Records from a data source:
┌──

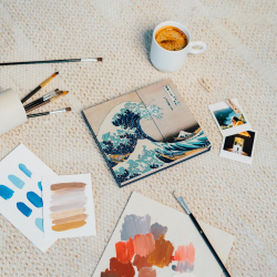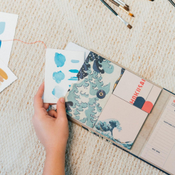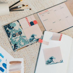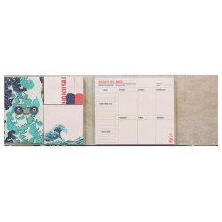 Bloc Planificateur hebdomadaire avec notes adhésives Erik, Katsushika Hokusai: La Grande Vague de Kanagawa. Couverture en carton de 2 mm avec fermeture magnétique. Langue: Anglais.
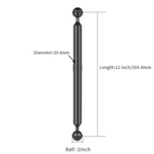 製品の両側には滑り止めのゴムリングが付いている1インチのボールヘッドがあり、ボールクリップを使用して角度を自由に調整できます。 製品のゴムリングの間に複数の長さの仕様があり、ニーズに応じて対応するエクステンションを選択できます。 アーム部はアルミニウム合金とカーボンファイバーのデザインを採用しており、軽量であるだけでなく、ダイビング中の浮力効果も発揮。 腕への負担を軽減します。
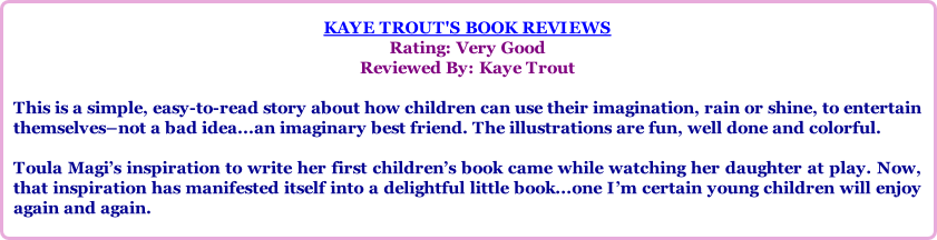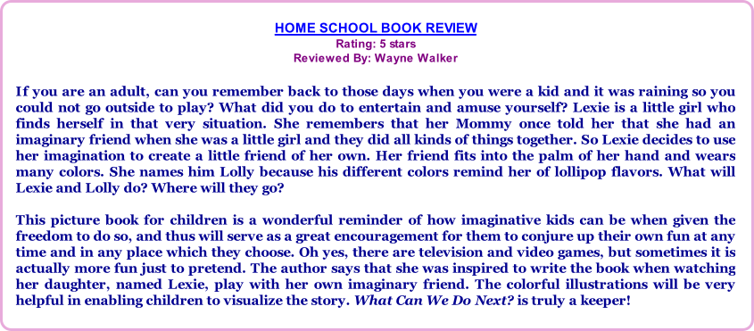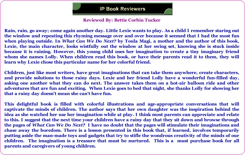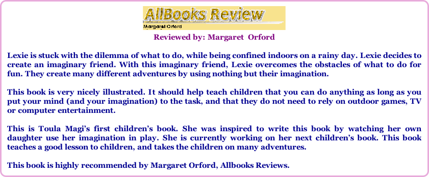 "What Can We Do Next?" by Toula Magi is a delightful book filled with positive messages about the importance of using imagination and exercising creativity, along with the values of friendship and the knowledge about how to treat each other with kindness and consideration. In addition, Lolly promised to be available any time Lexie needed him, and her mother was happy she had him to get through a rainy day. I liked the positivity the story offered about imaginary friends and entertaining one's self. The illustrations were also beautiful and made the story come alive. A great choice for readers young and old that promises to touch your hearts and open your imagination with boundless limits!
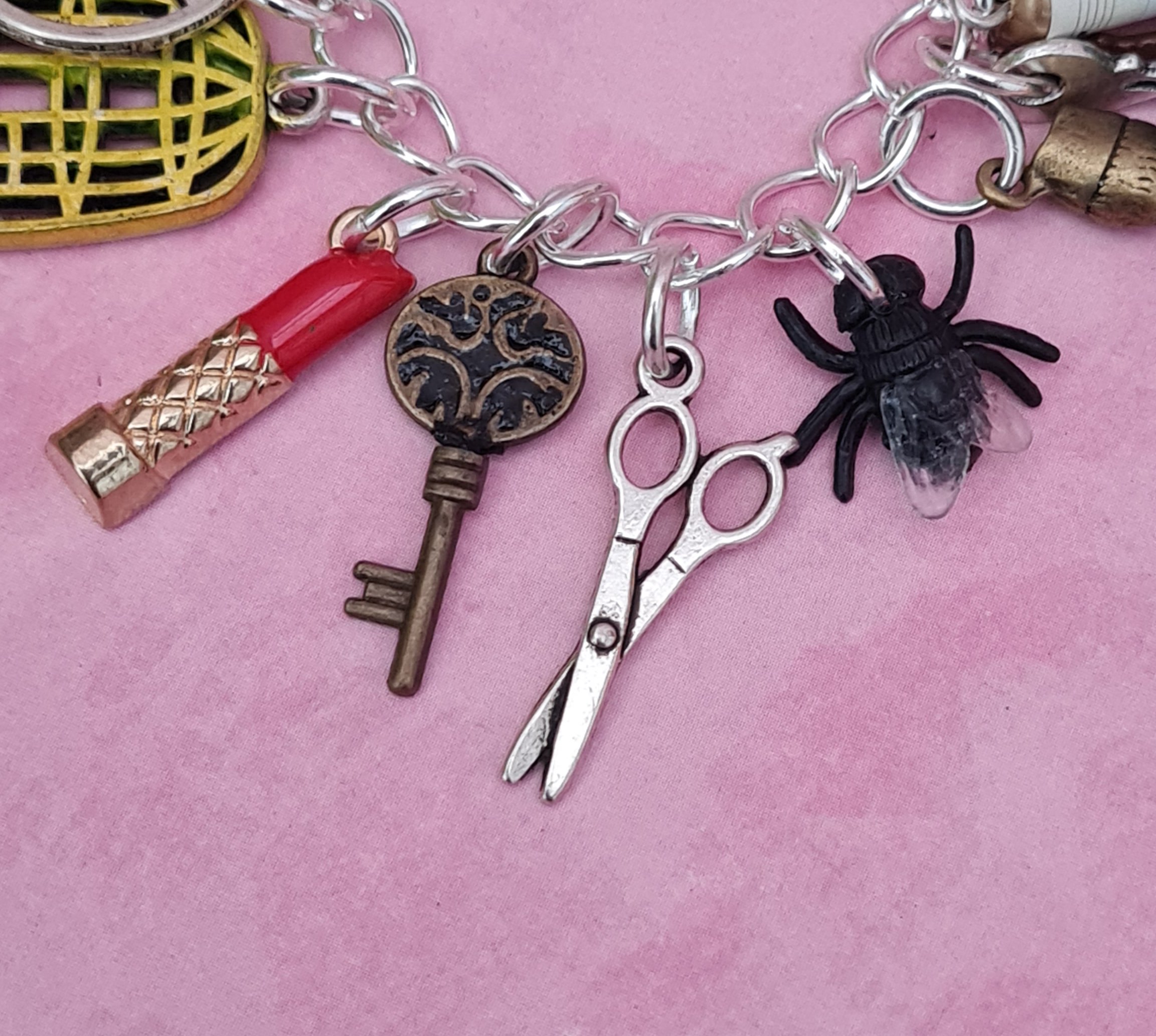 Please note that this charm bracelet is limited to 1 piece only, it has been made from the leftover charms I had left after discontinuing the actual Village of Shadows charm bracelet I sold previously. Once it is sold I will not be making this bracelet again.
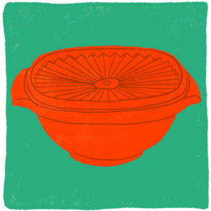 My parents kept a spotless kitchen though they both worked. We ate at a table my father cut from heart pine and wood-burned to a warm brown, in a room near their bedroom, in a half of the house they had built on rather than uproot us. Orange Tupperware canisters filled the kitchen’s dark, Amish-made walnut cabinets. Those canisters became prey. My sister and I could creep in stealth, past their bedroom door, open the cabinets and free the Tupperware for Saturday Night Live snacking. We knew how to avoid the squeaky betrayal of a single peel-and-stick floor tile by timing our steps during Dad’s snores.
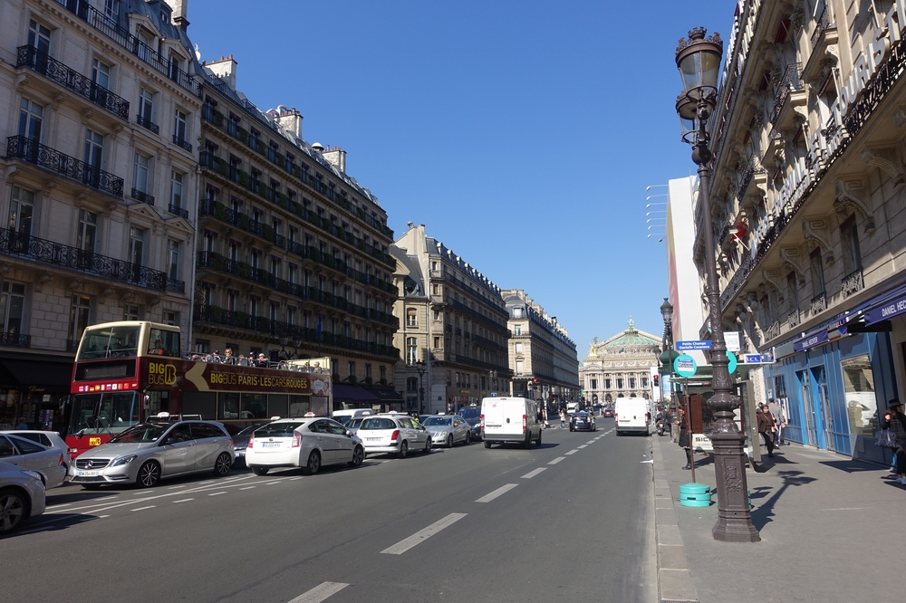 オペラガルニエから南のルーヴル美術館方面へとまっすぐのびる非常に交通量が多い通りです。街路樹がないのはちょっと殺風景ですが、正面にオペラガルニエがどーんと見えるのがいいです。
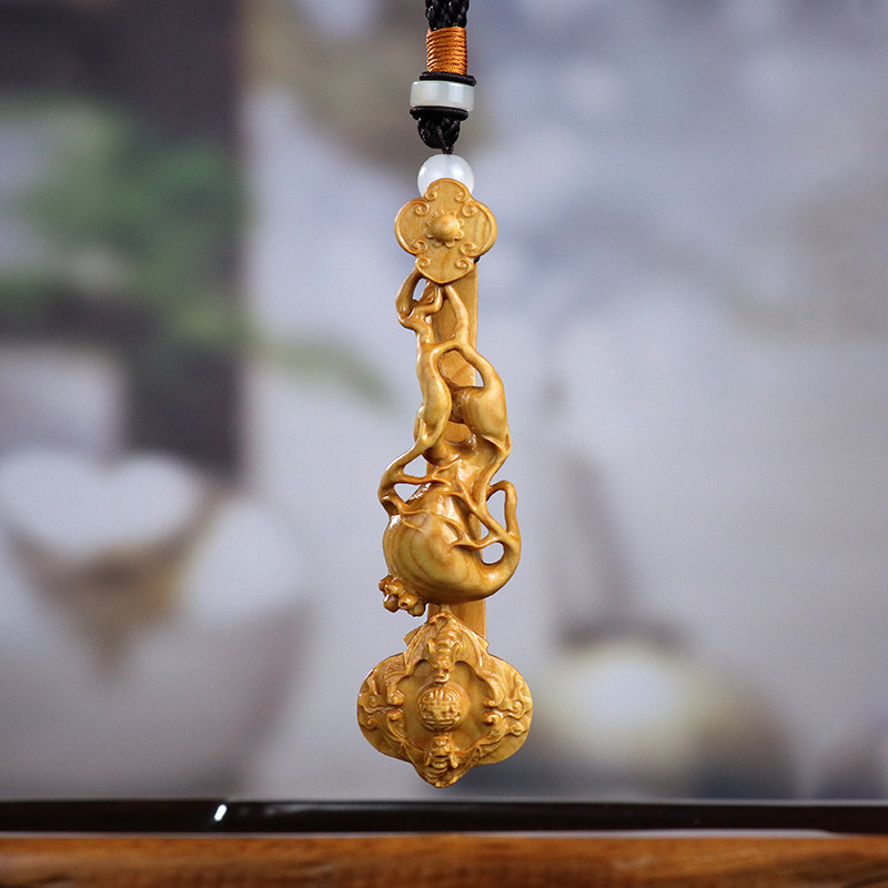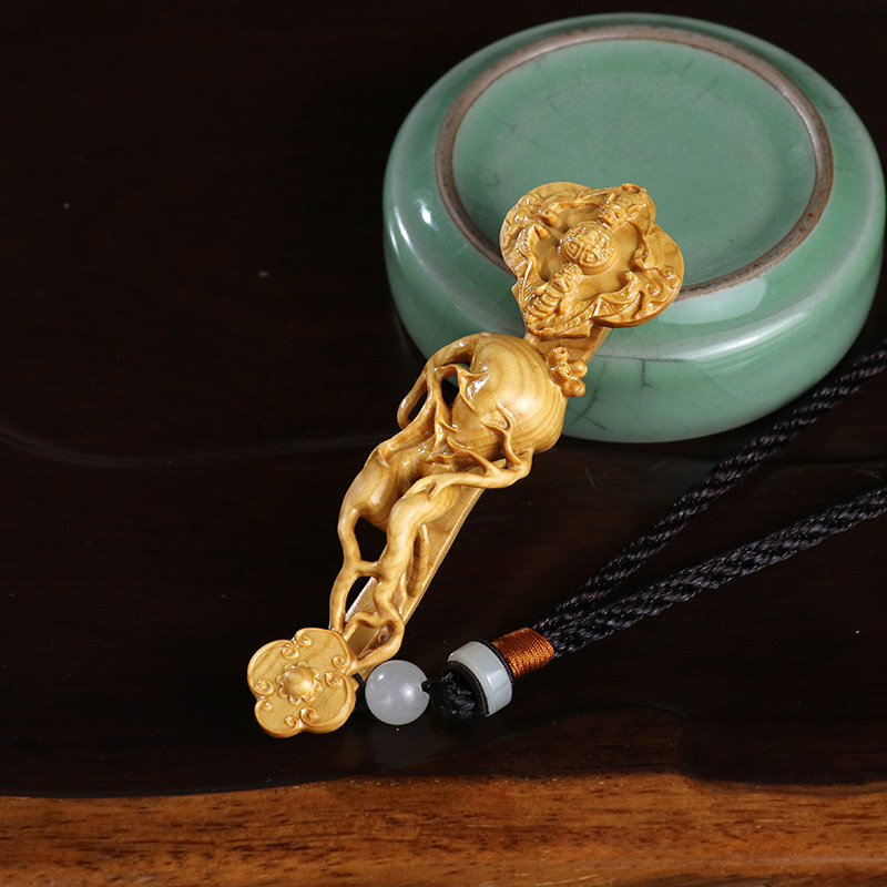 黄杨木雕刻工艺品摆件木质把玩件男文玩手把件汽车小挂件人参如意
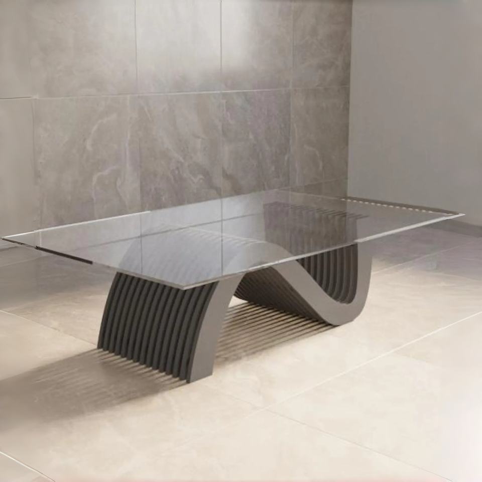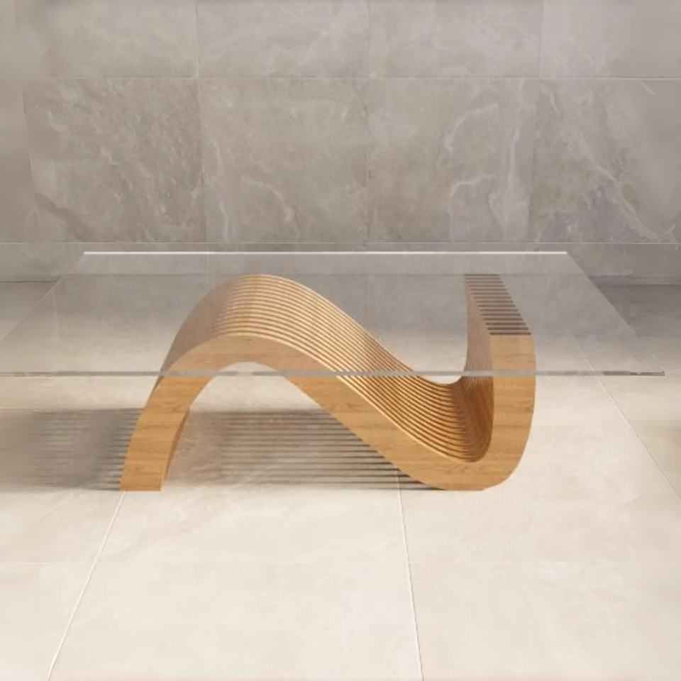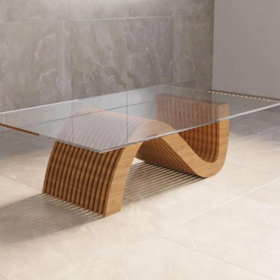 Mesa de Centro ML-CT06 de Diseño Moderno en Forma de S con Tapa de Vidrio y Madera Ecológica para Sala de Estar, Hotel u Hogar
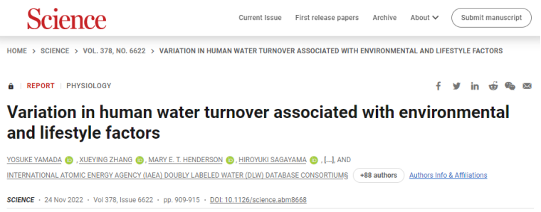 近日一项发表于权威学术期刊《Science》上的研究:他们通过分析来自26个国家的不同年龄段的5604名参与者发现,每天8杯水(约2升)对大部分人来说可能太高了,超过多数人的真正需水量,而不同年龄段、性别、国家的人的需水量其实是不同的。
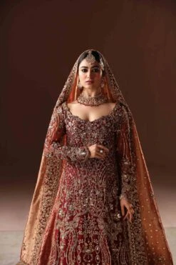 Embroidered Scarlet Pakistani Bridal Dress In Farshi Lehenga Style
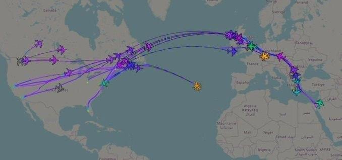 ❗过去48小时内,从美国驻欧洲基地飞往中东的飞机数量显著增加:
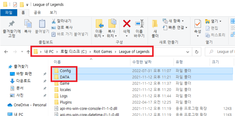 그 후 [C:\Riot Games\League of Legends] 해당 경로의 DATA, Config 폴더를 삭제 해주시면 됩니다.
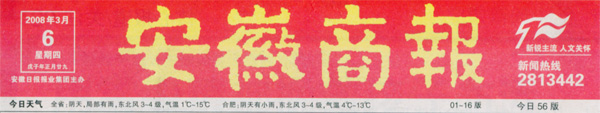 《安徽商報》報頭《安徽商報》報道新聞頁面截圖
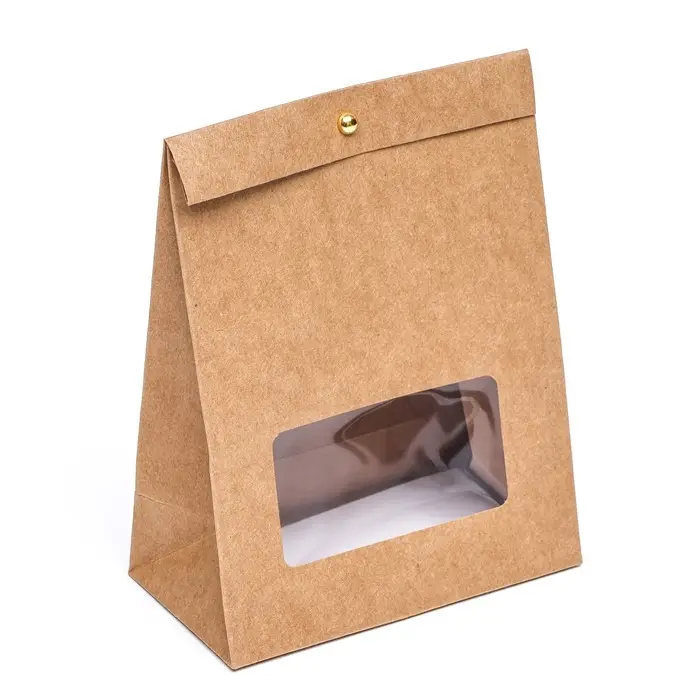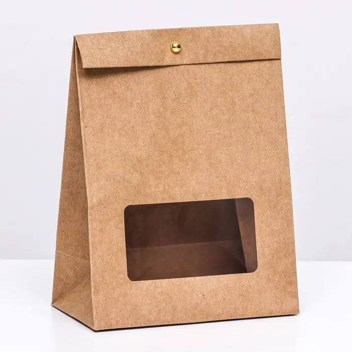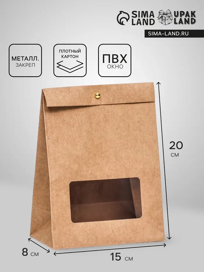 Коробка-пакет, крафт с окном, 20 х 15 х 8 см
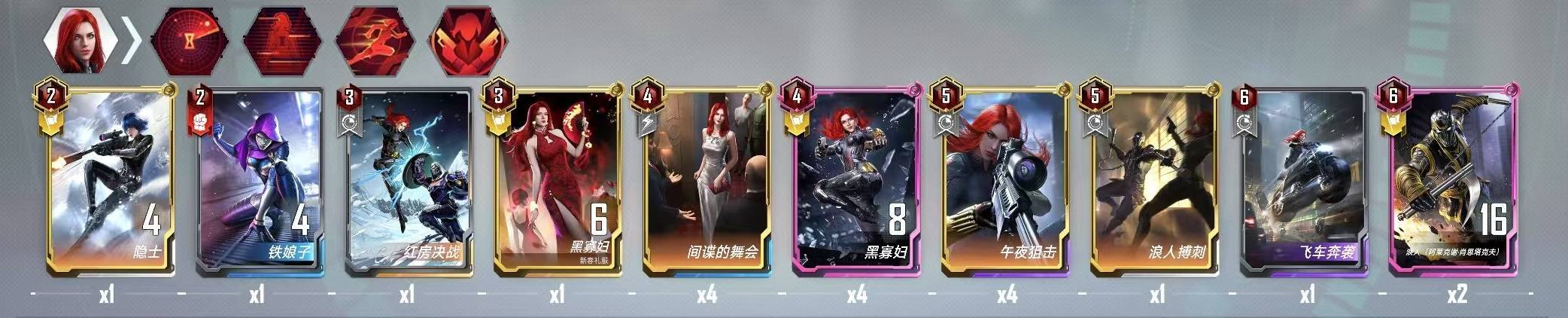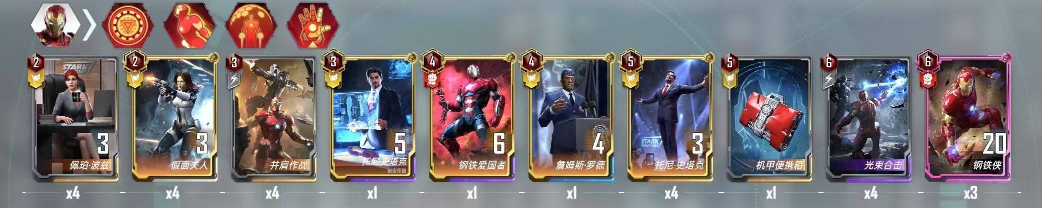 (iii)四星2费尽量碰五本,有托尼和彩虹传送;后期手上的复联牌别急着卖,碰出的六本牌是阵容的上限;

└──

### WHAT YOU NEED TO DO
Print exactly the lines from the one containing "Mesa de Centro" through the last line of the records, both included, and leave out the pictures.

### PROBLEM SOLUTION
 Mesa de Centro ML-CT06 de Diseño Moderno en Forma de S con Tapa de Vidrio y Madera Ecológica para Sala de Estar, Hotel u Hogar
 近日一项发表于权威学术期刊《Science》上的研究:他们通过分析来自26个国家的不同年龄段的5604名参与者发现,每天8杯水(约2升)对大部分人来说可能太高了,超过多数人的真正需水量,而不同年龄段、性别、国家的人的需水量其实是不同的。
 Embroidered Scarlet Pakistani Bridal Dress In Farshi Lehenga Style
 ❗过去48小时内,从美国驻欧洲基地飞往中东的飞机数量显著增加:
 그 후 [C:\Riot Games\League of Legends] 해당 경로의 DATA, Config 폴더를 삭제 해주시면 됩니다.
 《安徽商報》報頭《安徽商報》報道新聞頁面截圖
 Коробка-пакет, крафт с окном, 20 х 15 х 8 см
 (iii)四星2费尽量碰五本,有托尼和彩虹传送;后期手上的复联牌别急着卖,碰出的六本牌是阵容的上限;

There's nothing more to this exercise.